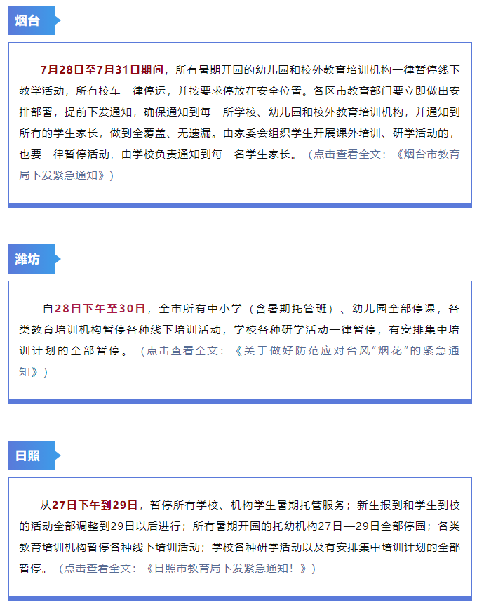 山東省教育廳今天發(fā)布緊急通知,各地各學(xué)校要緊密結(jié)合學(xué)校實(shí)際,針對(duì)臺(tái)風(fēng)防御組織力量做好學(xué)校安全隱患排查工作,發(fā)現(xiàn)安全隱患要立即整治,確保校園安全和師生平安。7月30日之前,中小學(xué)幼兒園暫停所有校(園)內(nèi)托管服務(wù)和暑假開園托幼機(jī)構(gòu)教學(xué)活動(dòng);各地各學(xué)校要加強(qiáng)家校溝通,通過各種方式告知家長在臺(tái)風(fēng)預(yù)警期內(nèi)暫停外出參加各類培訓(xùn);有關(guān)高校要切實(shí)做好假期留校學(xué)生惡劣天氣及自然災(zāi)害的風(fēng)險(xiǎn)防范工作,堅(jiān)決不能出現(xiàn)因防范工作不到位而發(fā)生學(xué)生非正常傷亡事件。山東16市發(fā)布緊急通知暫停一切教學(xué)活動(dòng)
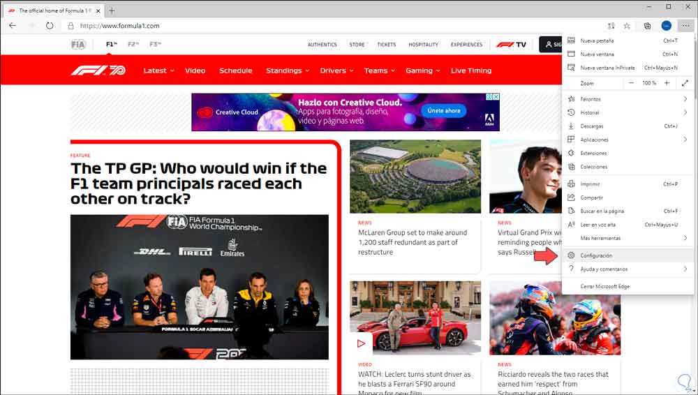En caso de que las opciones anteriores no sean visibles, es posible que la traducción no esté habilitada, para validar esto, damos clic en el botón “Configuración y más” y vamos a “Configuración”:
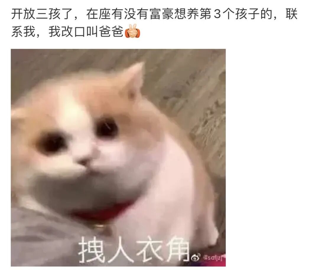也是,自从开放三胎政策以后,每条大街小巷、每个人的嘴里、见面第一句话,就是:你三胎了吗?
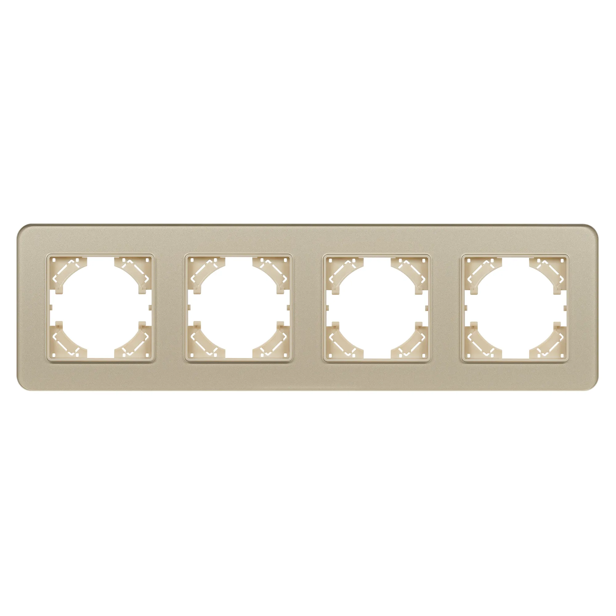 Рамка стеклянная на 4 поста, под встраиваемый механизм. Цвет - золотой. Среднего уровня герметичности IP20. Ориентация монтажа - горизонтальная (основным ориентиром служат посадочные выступы для накладки механизма).
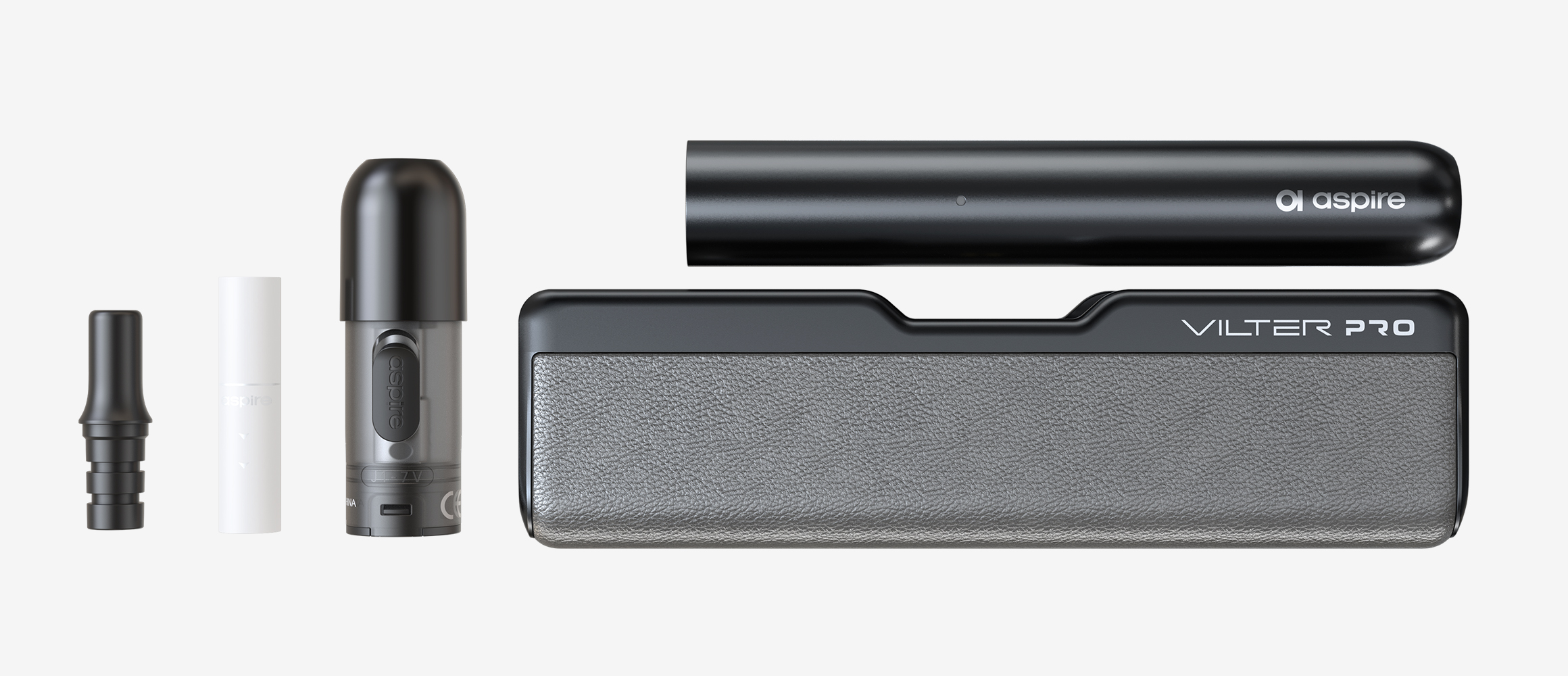 1x Vilter Pro Power Bank, 1x Vilter Pro Pen, 1x Cartuccia Vilter Pro con drip tip in POM, 3x Filtri, 1x Cavo USB-C, 1x Manuale Utente
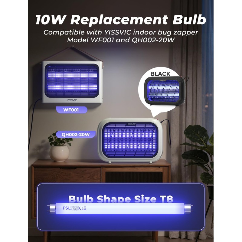 - Long Life: Light bulb designed with a long lifespan, and it is easy to replace and use. Replacement bulbs can be used for counters, cabinets, wardrobes, kitchens, offices, and more. If you purchased YISSVIC QH002-20W or WF001 bug zapper, you can get this bulb to replace. 5 years support from YISSVIC.
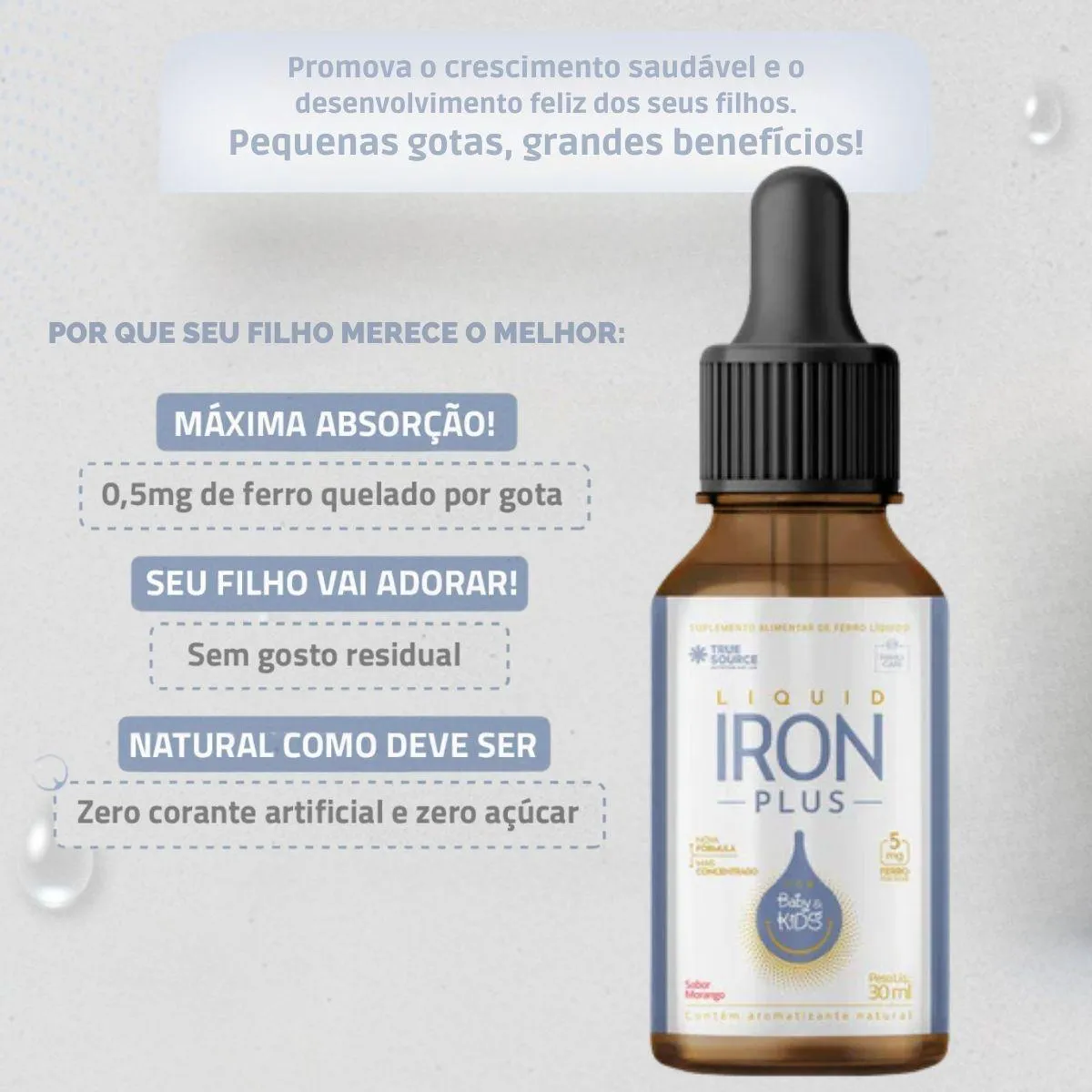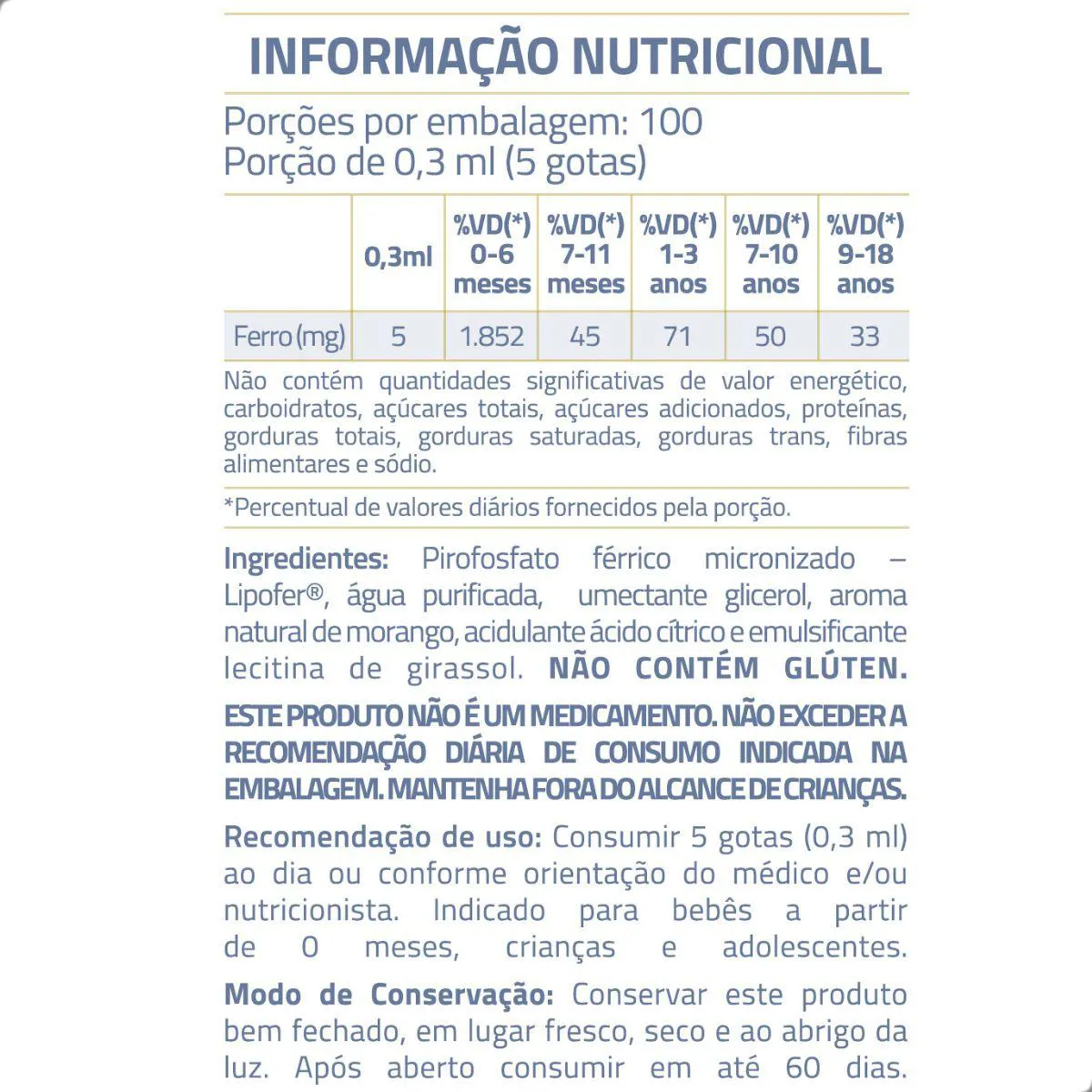 - Suplemento de ferro em formato líquido com alta praticidade de uso diário.

» **Problem to work on**
Please output exactly the lines from the line containing "1x Vilter Pro Power" through the last line of the records above, both included, and leave out any pictures.

» **Response below**
 1x Vilter Pro Power Bank, 1x Vilter Pro Pen, 1x Cartuccia Vilter Pro con drip tip in POM, 3x Filtri, 1x Cavo USB-C, 1x Manuale Utente
 - Long Life: Light bulb designed with a long lifespan, and it is easy to replace and use. Replacement bulbs can be used for counters, cabinets, wardrobes, kitchens, offices, and more. If you purchased YISSVIC QH002-20W or WF001 bug zapper, you can get this bulb to replace. 5 years support from YISSVIC.
 - Suplemento de ferro em formato líquido com alta praticidade de uso diário.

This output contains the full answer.